2) The question here is informal, so 'déjà' is the best option in this case, you wouldn't use 'jamais' here (although it could be used in a very formal context but then it'd be: 'Etes-vous jamais allé...'). Is your version 'Have you been to the UK already' AE ?


----------



## The Servant

1)*
D'où es-tu ?* (good form) or *Tu es d'où ?* (more informal) : you want to know the birthplace or the home (country, city, etc.) of your interlocutor.
*D'où viens-tu ?* (good form) or *Tu viens d'où ?* (more informal) : you want really know from where he comes. Birthplace and home, Ok, but NOW from where does he come from ? (school, library, cinema...)

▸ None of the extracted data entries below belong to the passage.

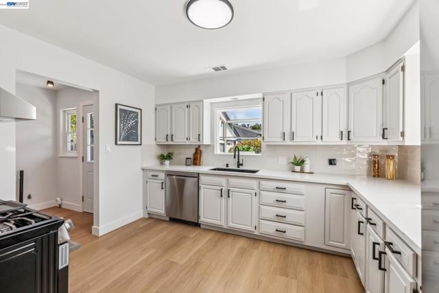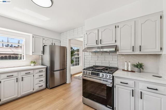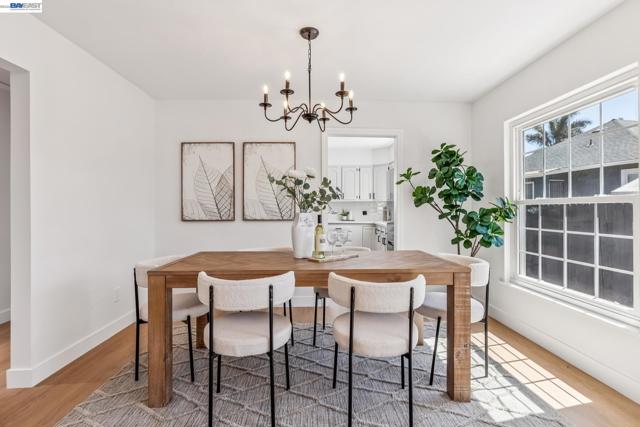 Tucked away on a quiet street in the Las Palmas neighborhood, 9946 Dante Ave in Oakland offers a beautifully updated 2-bedroom, 1-bathroom home designed with today’s buyer in mind. From the moment you arrive, you’ll appreciate the inviting setting, expansive lot, and charming curb appeal. Inside, the home features luxury vinyl plank flooring throughout and an abundance of natural light that enhances the open, airy feel. The modern kitchen has been thoughtfully remodeled with sleek finishes and ample space for cooking and gathering, while the spa-inspired bathroom boasts a soaking tub, walk-in shower, and a stylish contemporary vanity. Step outside and discover the true versatility of this property, with both a spacious front yard and a large backyard perfect for entertaining, gardening, or simply enjoying the outdoors. The detached garage adds convenience and potential for additional use. Ideally located near Downtown San Leandro, regional parks, shopping, and dining, this home combines comfort, style, and accessibility—making it a fantastic opportunity for buyers looking to settle into a move-in-ready home with room to grow.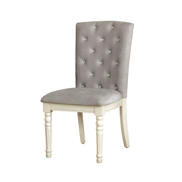 • Benzara Button Tufted Fabric Upholstered Wooden Side Chair, Pack of Two, White and Gray image - 1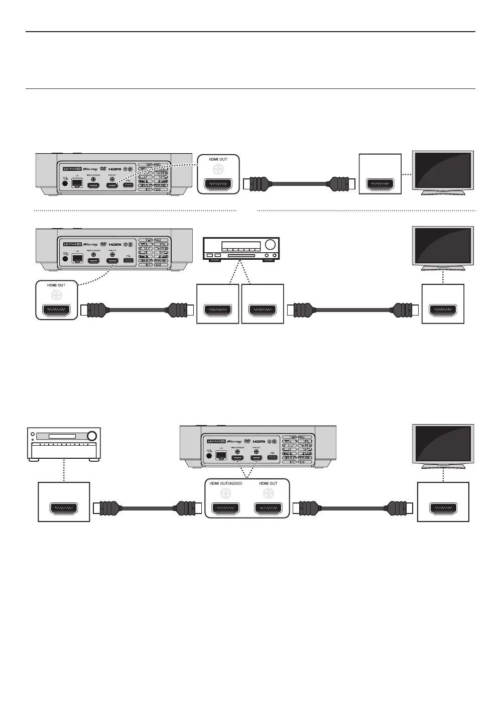 • In order for Ultra HD Blu-ray™ video playback to work with this connection, a 4K/HDR compatible AV receiver/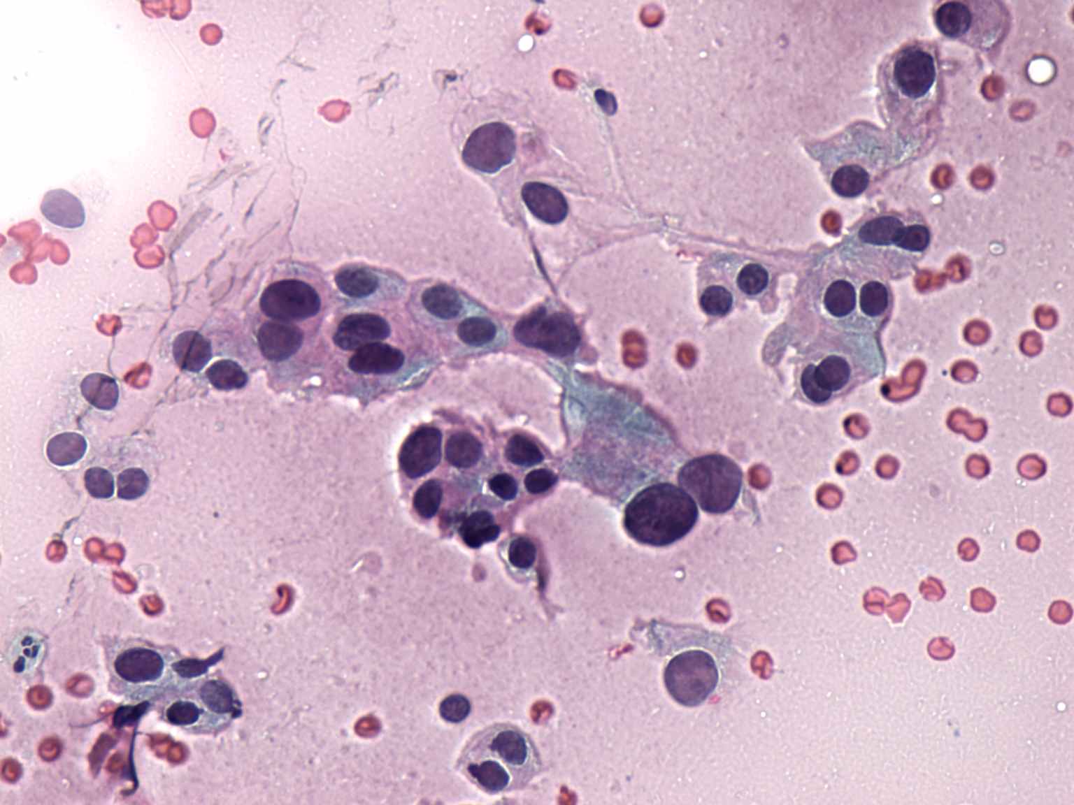 Pap-smear, 400x. Follicular cells in small clusters. Note several enlarged and atypical cells and the lack of prominent nucleoli and intranuclear inclusions or grooves.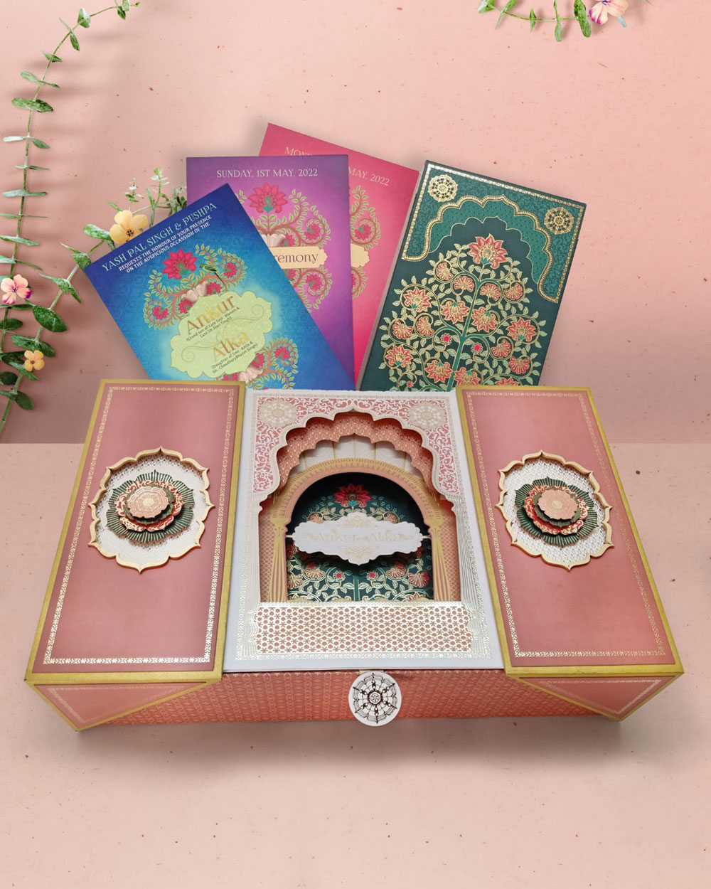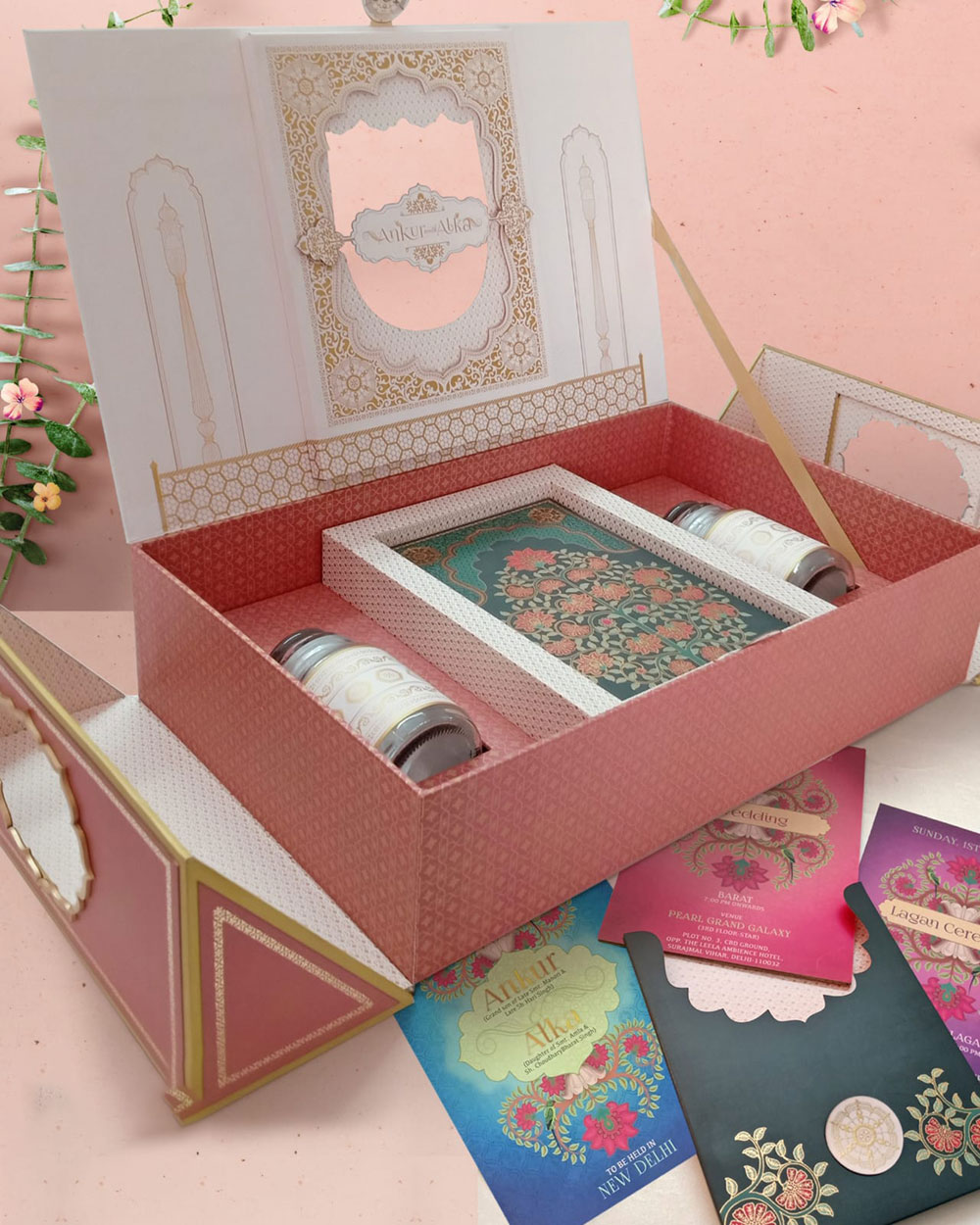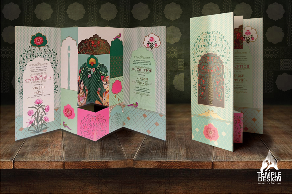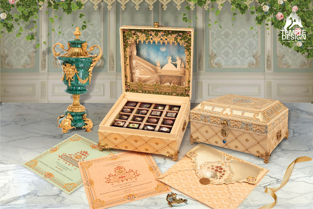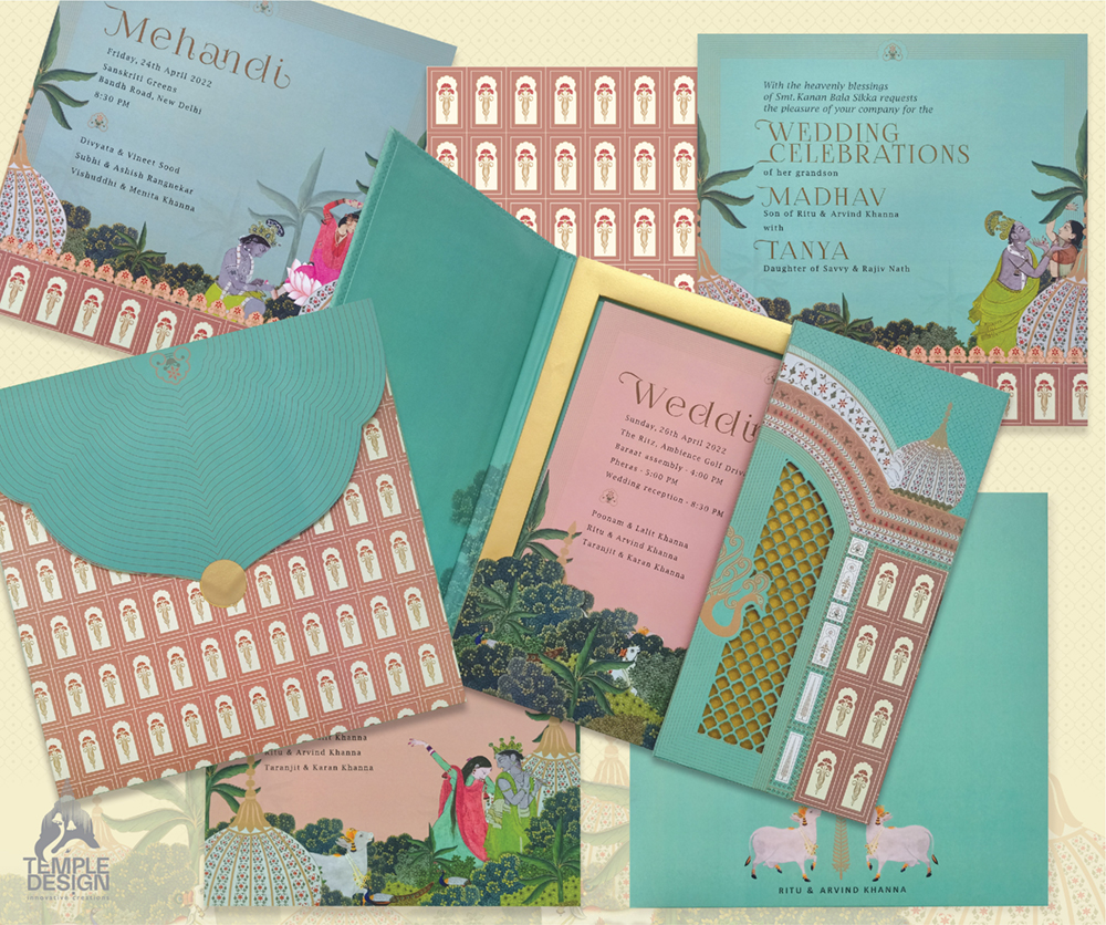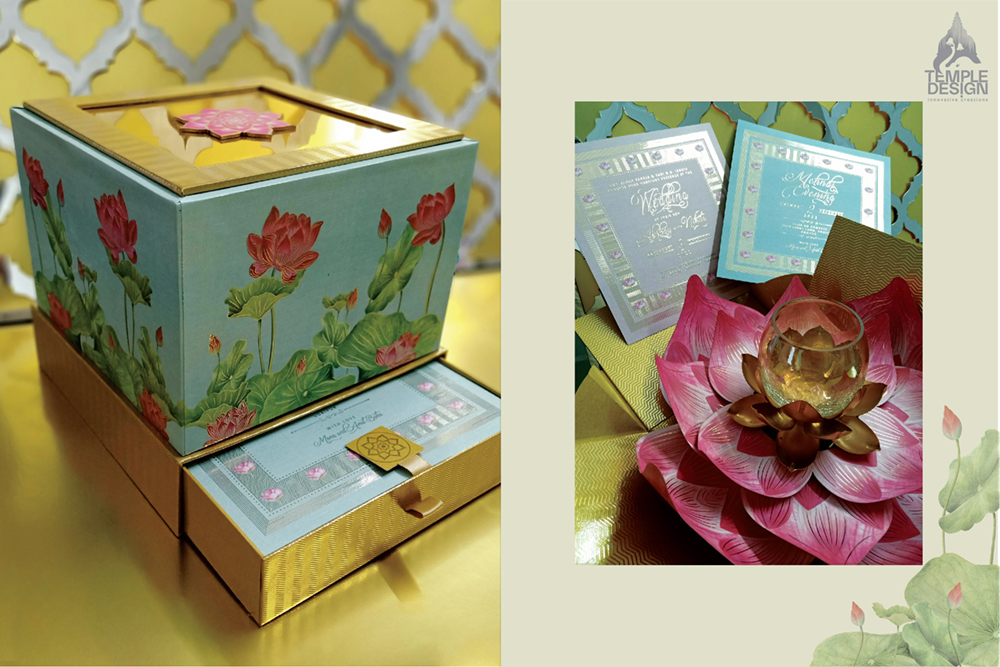 Temple Designs is a Delhi-based wedding invitation design company known for its focus on the finer nuances of luxury and art to create inspiring invitation cards using unusual production techniques. Blending technology with creativity, they design cards that express your wedding style and give your guests a taste of your unique celebration with exquisite personalized details.

2) You're right, but the two forms are correct.


----------



## Jessila

alahay said:
			
		

> D'ou viens tu?
> As-tu jamais ete en Grande Bretagne? or As-tu jaimais visite la Grande Bretagne?
> 
> verifiez svp. merci!



"jamais" is closer to "never" than to "ever".
Though like others have said, it can be used in a formal conversation... But in everyday language, it would sounds a bit like:
"have you _*n*ever _been to UK?"

Now to translate "visited" I would have stick to its french equivalent: "visité" instead of turning it into  "have been"...
Well I suppose it depends of the true meaning of the question. But going in a country doesn't necessarily imply to visit it, and discovering it... If you're on a business trip for instance, you will go but you won't see much of it.
So if the question is more focused on knowing if the other person had the occasion to travel a bit and see different parts of UK, I would rather say:

"Tu as déjà visité l'Angleterre / le Royaume-Uni ?"
or more formal : "As-tu déjà visité l'Angleterre / le Royaume Uni ?"


----------



## alahay

Thanks for the nicely detailed explanaitaion!


----------



## garavak

Hello, 
Could someone help me figure out how to say: Where are you from? Is is correct to say: Ou est-ce-que vous etes? OR Ou est-ce-que vous habitez? Thanks ....Chuck


----------



## la_cavalière

Where are you from: 
"D'où venez-vous?"

Where do you live:
"Où habitez-vous?"
"Où est-ce que vous habitez?"

Let's see what the native French say is the most natural way to ask "where are you from?"


----------



## pieanne

D'où venez-vous?
Vous habitez où?


----------



## garavak

Thank you all so much!!!

CHuck


----------



## emma42

And *où êtes vous ne(é)? *for "where are you from/where were you born?"


----------



## Sanda

la_cavalière said:
			
		

> Where are you from:
> "D'où venez-vous?"
> 
> Where do you live:
> "Où habitez-vous?"
> "Où est-ce que vous habitez?"
> 
> Let's see what the native French say is the most natural way to ask "where are you from?"



A native French says  !

Also où êtes-vous né(e) ? as suggested by Emma.


----------



## la_cavalière

Sanda said:
			
		

> A native French says  !
> 
> Also où êtes-vous né(e) ? as suggested by Emma.


 
But for many Americans, "where were you born?" is completely different than "where are you from?" because we move so much!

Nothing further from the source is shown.